Soon, nearly 150 prisoners, as many as were now working for Krüger, were printing around 500,000 counterfeit notes every month. By the end of the war, they had counterfeited banknotes worth around 134 million pounds then, or 5.3 billion pounds today. 

Of these, 8% were good enough to be put into circulation. This meant that the market was flooded with around 10 million counterfeit pounds then, or 423 million today. The counterfeits were so good, in fact, that they circulated almost uninterrupted and the agents who distributed them slowly began to receive their own counterfeit money back.

The banknotes were also tested in brothels in Paris to see if they were good enough to be put into circulation. Prostitutes there used to work for the British soldiers and would certainly have spotted a fake, they assumed. They didn’t. 

Late in 1942, Swiss bankers and American Express stumbled across the counterfeit £10,000 in Zurich. The notes were obviously still in the test group, because many of the later notes were so excellent that either former government officials or former employees of government printing works must have been involved in their production. These forgeries were not recognised in Switzerland and were only detected by the Bank of England. 

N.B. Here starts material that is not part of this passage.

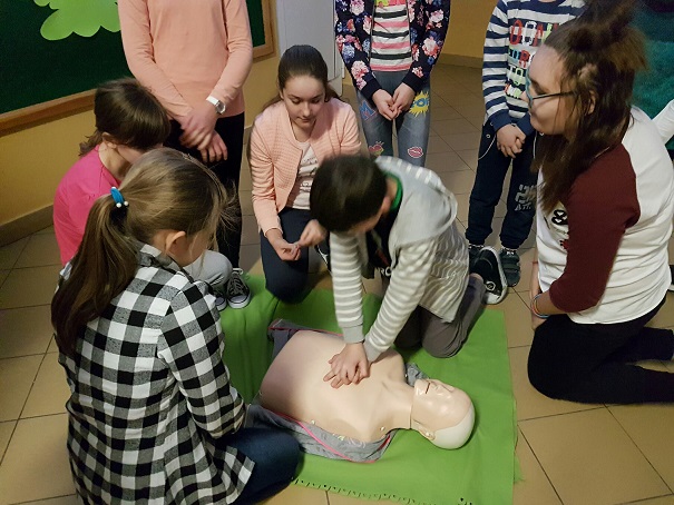 Uczniowie klasy piątej zaprezentowali jak udzielać pierwszej pomocy i w jaki sposób należy przeprowadzać resuscytację, która często ratuje życie innym ludziom.
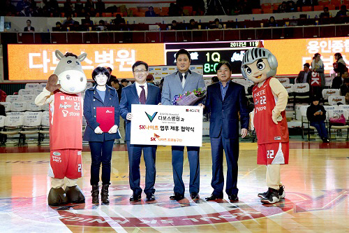 이날 업무 제휴 협약식은 다보스 병원 양성범 이사장과 SK나이츠 서정원 단장, 문경은 감독이 참석한 가운데 치러졌다. 이날 SK는 부산 KT 소닉붐을 꺾고 공동 1위에 올라서 업무 협약의 기쁨을 더했다.

Pocket allowance for own needs

The forgeries were first transported from the printing works to Berlin and then distributed across Europe, where they were used by agents in the field to buy original products such as art paintings, cars, furniture, gold bars and the like, and sell them for Deutschmarks. Sometimes the counterfeits were exchanged for stable European currencies such as the Swiss franc, the original pound sterling and the US dollar. This money was then used to pay their spies and buy what they needed abroad, such as penicillin and plastic explosives. 

Other counterfeit notes were taken to German embassies in Norway, Denmark and Portugal, Spain and Switzerland, where they were exchanged for local currency. This was done with great success, but the scale of the counterfeiting scam was too small to shake the British economy in a dangerous way. 

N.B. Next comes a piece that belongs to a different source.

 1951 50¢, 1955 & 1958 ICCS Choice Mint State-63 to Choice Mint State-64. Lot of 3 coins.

But it was big enough to whet the appetites of Heinrich Himmler and some others in the intelligence corridor: they decided to line their own pockets by the way. They were helped by Fritz Schwend, whom the Allies had first heard of when an Austrian, Rudolf Blaschko, was arrested in Croatia for counterfeit pounds and told an American diplomat that he had got the money from Schwend. 

In fact, the latter was the main distributor of counterfeit money. The role was perfect for him. After marrying a wealthy woman, he was involved in arms dealing and counterfeit money laundering in Asia and America in the 1930s. He was so successful in his work that by 1938 he had a luxurious home in Opatija and an annual income of more than 50,000 dollars then, or 860,000 dollars today. 

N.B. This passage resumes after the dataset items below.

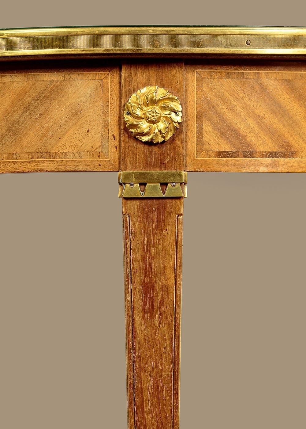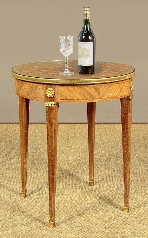 Smart little French Louis XVI style inlaid side table c.1960. Superb top with repeated inlaid detail into the parquetry work ground and with a reeded brass edge moulding which holds a loose glass top snugly in place. Over an inlaid and veneered apron with brass flower head roundels. Raised on slim tapering legs with moulded edges, brass mounts and feet. Very good condition.
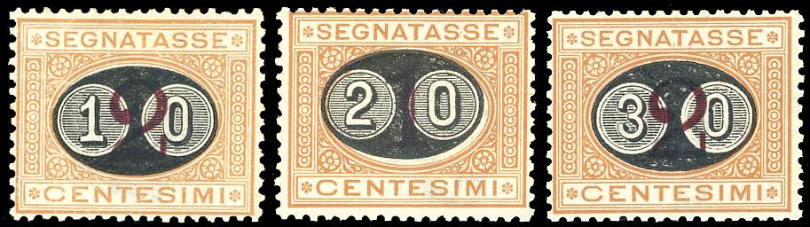 1890/1891 - Mascherine, soprastampati, serie completa (17/19), nuovi, gomma originale, leggera traccia di linguella, perfetti. Il 30 cent. ... Leggi tutto
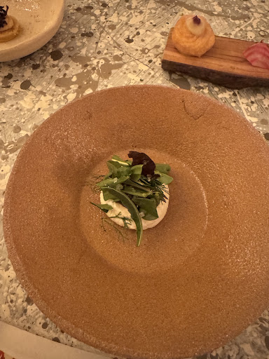 Read moreThis is a place of absolute excellence, where the chef’s gastronomic research meets impeccable and friendly service, all wrapped in a warm and refined atmosphere. At the moment, the menu offers two main options: a 9 course tasting menu or a selection of “cards” (each with 3 seasonal dishes) that can be mixed and matched. I went for the second option and built my own journey through chickpeas, zucchini, chicory, and melon. Each card has a general orientation (appetizer, main course, dessert) which gives a natural rhythm to the meal while leaving space for creativity and personalization. The whole menu is vegetarian which I truly appreciate because it makes this experience in Puglia even more unique and interesting. I also chose the mocktail pairing, which was a great decision. The pairings were unique and well-executed, layered, aromatic or acid, and in tune with the flavors of the food.

During the first years of the war, he was looking for hidden money for German military intelligence, but kept getting into trouble in Croatia and the German embassy complained. In the spring of 1942, he was denounced by the army, but he and Blaschko tried to sell forged German submarine plans to British agents in Trieste on their own. 

He was captured by the Italians and handed over to the Germans, who imprisoned him. Since selling false military secrets was not exactly treason, they could not charge him with anything, but one report says that he was in serious trouble anyway.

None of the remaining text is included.